On several occasions, I've come across the following statement:
Let $X$ be a random variable. Then we have, for $X$ nonnegative,
$E[\min(X,1)] = \int_0^1 Pr(X\geq u) du$.
How would one go about to show this?
On several occasions, I've come across the following statement:
Let $X$ be a random variable. Then we have, for $X$ nonnegative,
$E[\min(X,1)] = \int_0^1 Pr(X\geq u) du$.

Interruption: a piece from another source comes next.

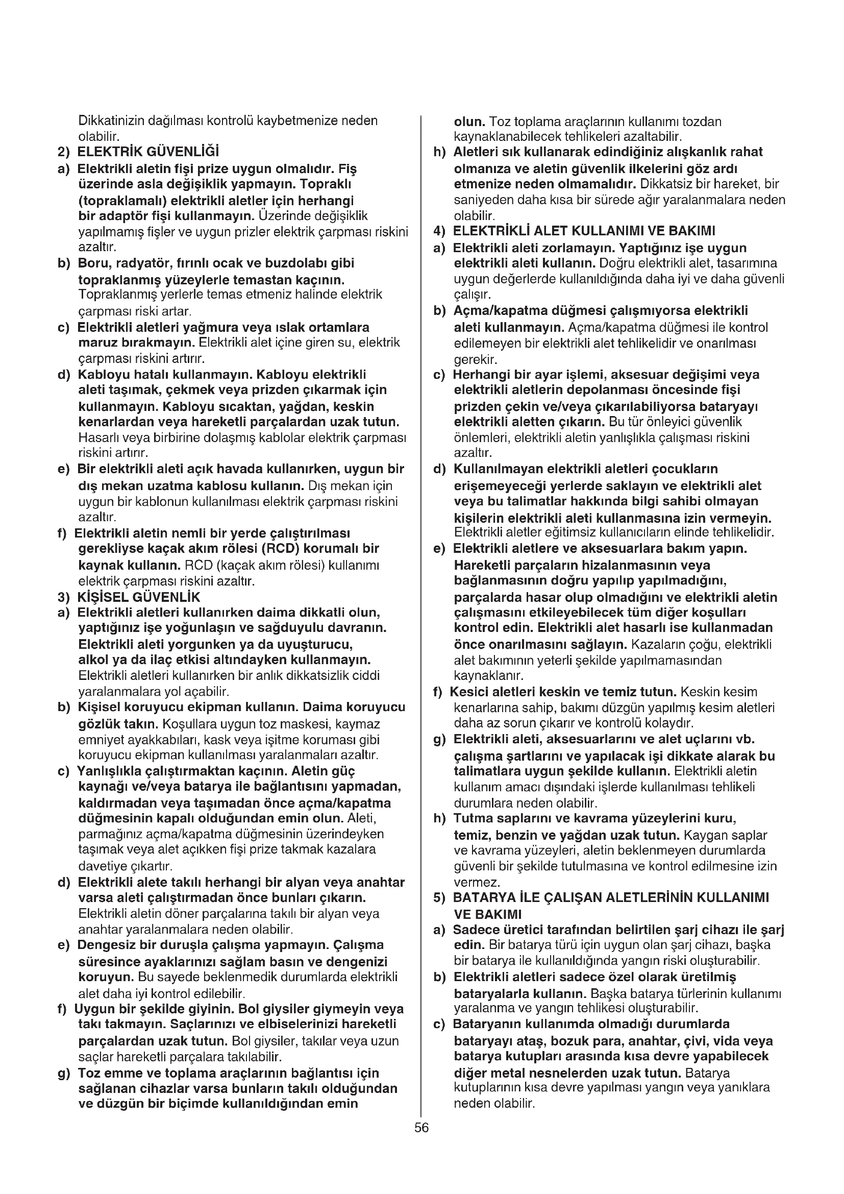 a) Elektrikli aletleri kullanırken daima dikkatli olun, yaptığınız işe yoğunlaşın ve sağduyulu davranın. Elektrikli aleti yorgunken ya da uyuşturucu, alkol ya da ilaç etkisi altındayken kullanmayın. Elektrikli aletleri kullanırken bir anlık dikkatsizlik ciddi yaralanmalara yol açabilir. b) Kişisel koruyucu ekipman kullanın. Daima koruyucu gözlük takın. Koşullara uygun toz maskesi, kaymaz emniyet ayakkabıları, kask veya işitme koruması gibi koruyucu ekipman kullanılması yaralanmaları azaltır. c) Yanlışlıkla çalıştırmaktan kaçının. Aletin güç kaynağı ve/veya batarya ile bağlantısını yapmadan, kaldırmadan veya taşımadan önce açma/kapatma düğmesinin kapalı olduğundan emin olun. Aleti, parmağınız açma/kapatma düğmesinin üzerindeyken taşımak veya alet açıkken şi prize takmak kazalara davetiye çıkartır. d) Elektrikli alete takılı herhangi bir alyan veya anahtar varsa aleti çalıştırmadan önce bunları çıkarın. Elektrikli aletin döner parçalarına takılı bir alyan veya anahtar yaralanmalara neden olabilir. e) Dengesiz bir duruşla çalışma yapmayın. Çalışma süresince ayaklarınızı sağlam basın ve dengenizi koruyun. Bu sayede beklenmedik durumlarda elektrikli alet daha iyi kontrol edilebilir. f) Uygun bir şekilde giyinin. Bol giysiler giymeyin veya takı takmayın. Saçlarınızı ve elbiselerinizi hareketli parçalardan uzak tutun. Bol giysiler, takılar veya uzun saçlar hareketli parçalara takılabilir. g) Toz emme ve toplama araçlarının bağlantısı için sağlanan cihazlar varsa bunların takılı olduğundan ve düzgün bir biçimde kullanıldığından emin57

How would one go about to show this?
We have that $$ \operatorname EY=\int_0^\infty\Pr\{Y\ge y\}\mathrm dy $$ for any non-negative random variable $Y$ (see here). In this case $Y=\min\{X,1\}$. Hence, \begin{align*} \operatorname E\min\{X,1\} &=\int_0^\infty\Pr\{\min\{X,1\}\ge x\}\mathrm dx\\ &=\int_0^1\Pr\{\min\{X,1\}\ge x\}\mathrm dx+\int_1^\infty\Pr\{\min\{X,1\}\ge x\}\mathrm dx\\ &=\int_0^1\Pr\{X\ge x\}\mathrm dx \end{align*} since $\Pr\{\min\{X,1\}\ge x\}=\Pr\{X\ge x\}$ when $0\le x\le1$ and $\Pr\{\min\{X,1\}\ge x\}=0$ when $x>1$.
Hint: Show the pointwise equality $$ \min(X,1)=\int_0^1\mathbf{1}_{u\leqslant X}\,\mathrm du $$ and take expectations on both sides.

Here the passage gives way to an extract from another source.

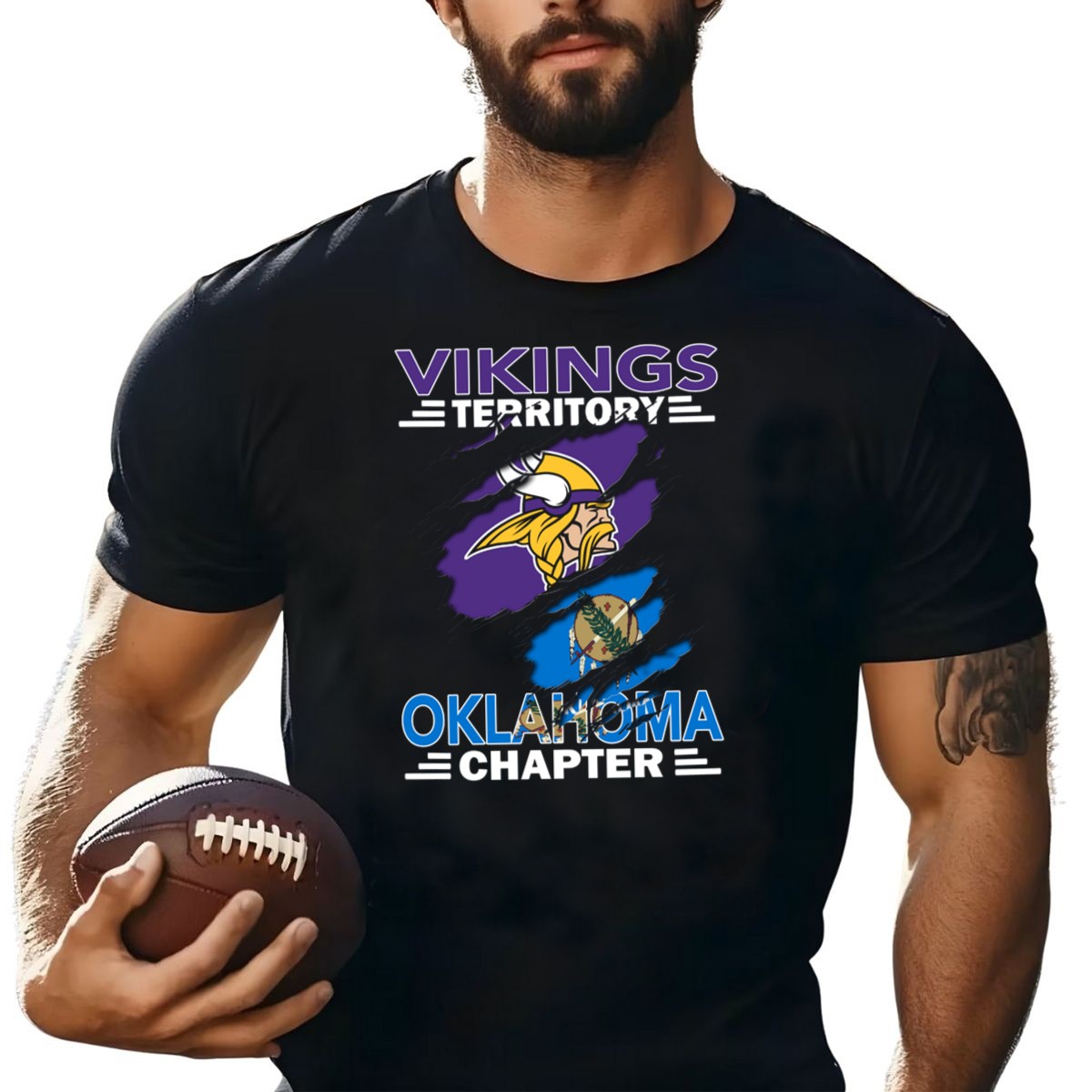 Vikings Territory Oklahoma Chapter With Minnesota Vikings Logo And Oklahoma State Flag T Shirt

\begin{align*} \\ \operatorname E\min\{X,1\} = \operatorname E({\operatorname E[\min\{X,1\} |X]}) &= {\operatorname E[\min\{X,1\} |X\le1]}\cdot Pr\{X\le1\} + {E[\min\{X,1\} |X\ge1]}\cdot Pr\{X\ge1\} = \\ &= \int_0^1\Pr\{X\ge x\}\mathrm dx\cdot Pr\{X\le1\}+1\cdot Pr\{X\ge1\}\\ \end{align*} Law of total expectation has been used here, I wonder where's the mistake.